Even after the beachhead in the Cotentin peninsula increased to the point where Omaha was out of range of German artillery, nerves were still stretched, especially by German air raids at night. American sailors and beach personnel called the Luftwaffe ‘Hermann’s vermin’ in honour of its commander-in-chief. But the wildly over- enthusiastic response of ‘literally thousands’ of anti-aircraft gunners on the ships anchored offshore created considerable problems when Allied aircraft arrived to intercept the attackers. One report stated that on the evening of 9 June, while it was still light, ships off Utah beach shot down four Mustangs, fired at four Spitfires, then fired again at another patrol of Spitfires, bringing one down, damaged two Typhoons and engaged another two Spitfires, all in the course of less than two hours. It became clear that US Navy warships were far more at fault than the merchantmen, who altogether had 800 trained air observers between them.
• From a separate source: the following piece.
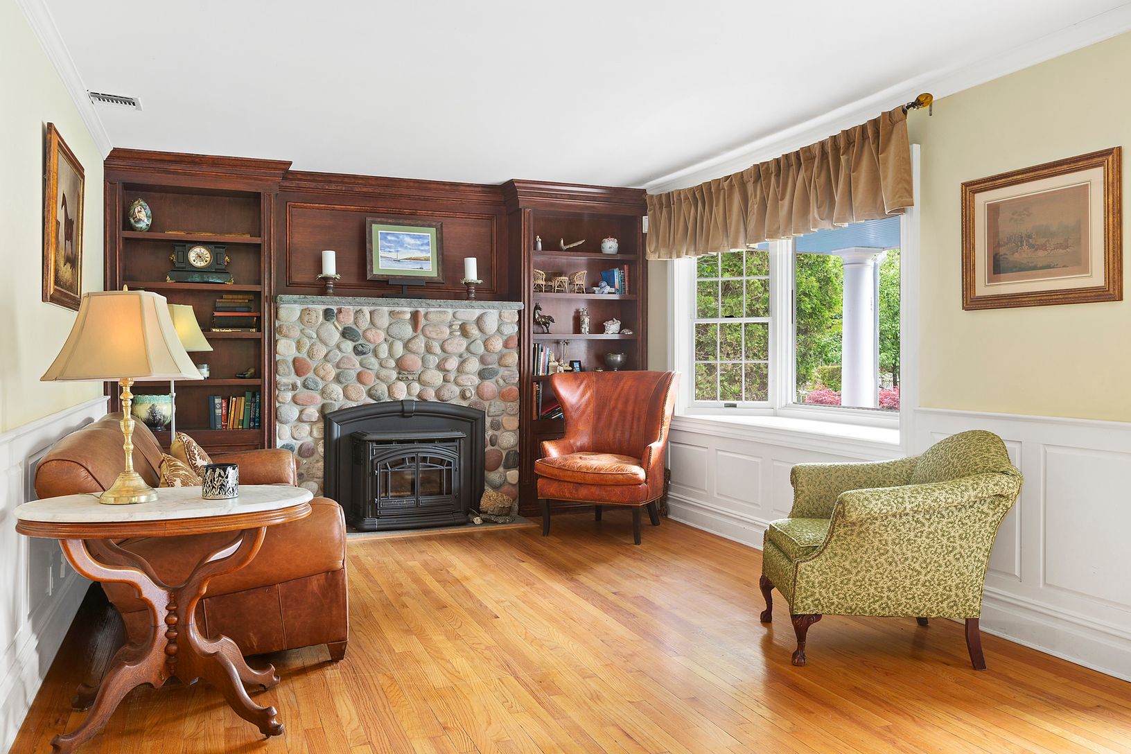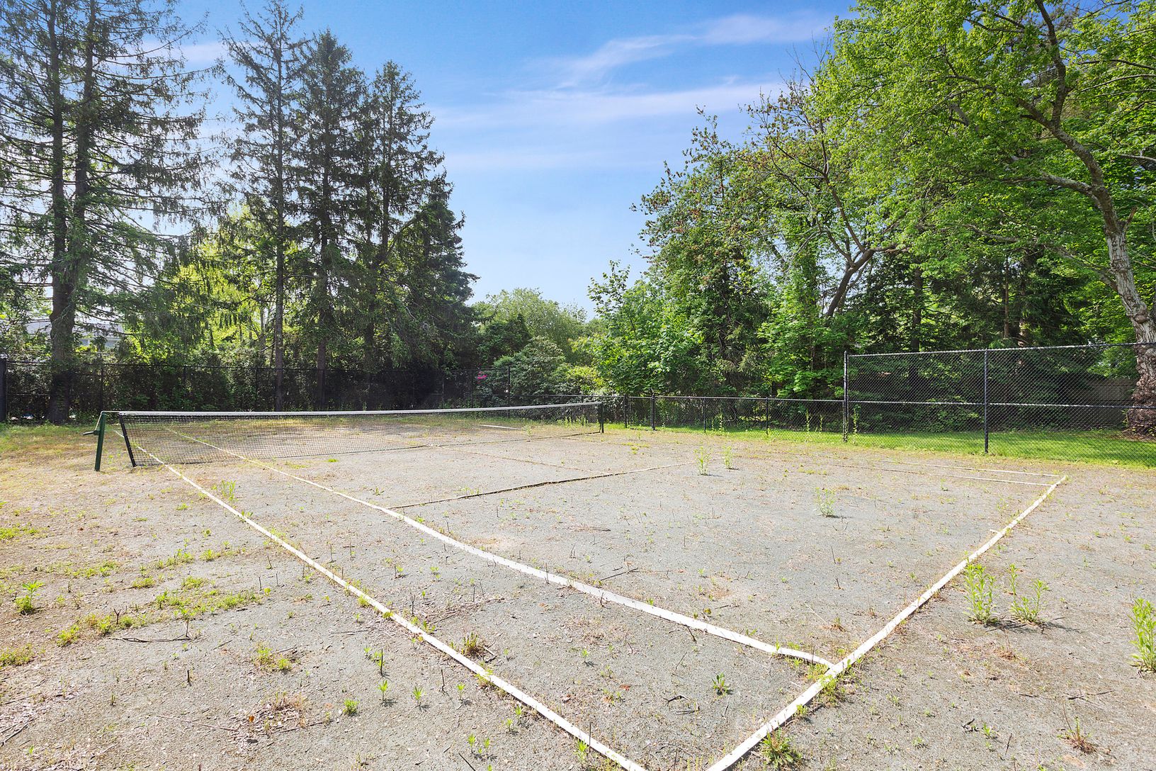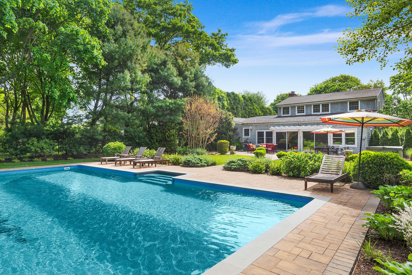 This 5-bedroom home sits on a lushly-landscaped property in Remsenburg, and features an especially fabulous backyard, complete with pool, hot tub, a har-tru tennis court, an entertaining area with built-in speakers, a large koi pond and some giant pine trees. The house itself offers a sunken great room across the back, with a seating and dining area just off of the open kitchen, a cozy den with pellet stove, and a large master suite with luxu

Air Chief Marshal Leigh-Mallory wrote that despite all the precautionary measures taken and ‘despite undisputed air supremacy, flagrant instances of naval attack on friendly aircraft have occurred. If this continues, the fighter cover will be forced to fly so high that it can offer no protection against low-flying enemy aircraft… There is no foundation whatsoever in the rumour that enemy aircraft are imitating our own special markings.’[27] US warships did have a ‘trained aircraft recognition officer’ on board, ‘but apparently they were only good at American types of aircraft’. The following night was almost as bad. Anti-aircraft fire from ships was so intense in reaction to a small Luftwaffe raid that six Allied fighters coming to intercept them were shot down. One of the pilots retrieved from the water could not stop cursing for four hours afterwards.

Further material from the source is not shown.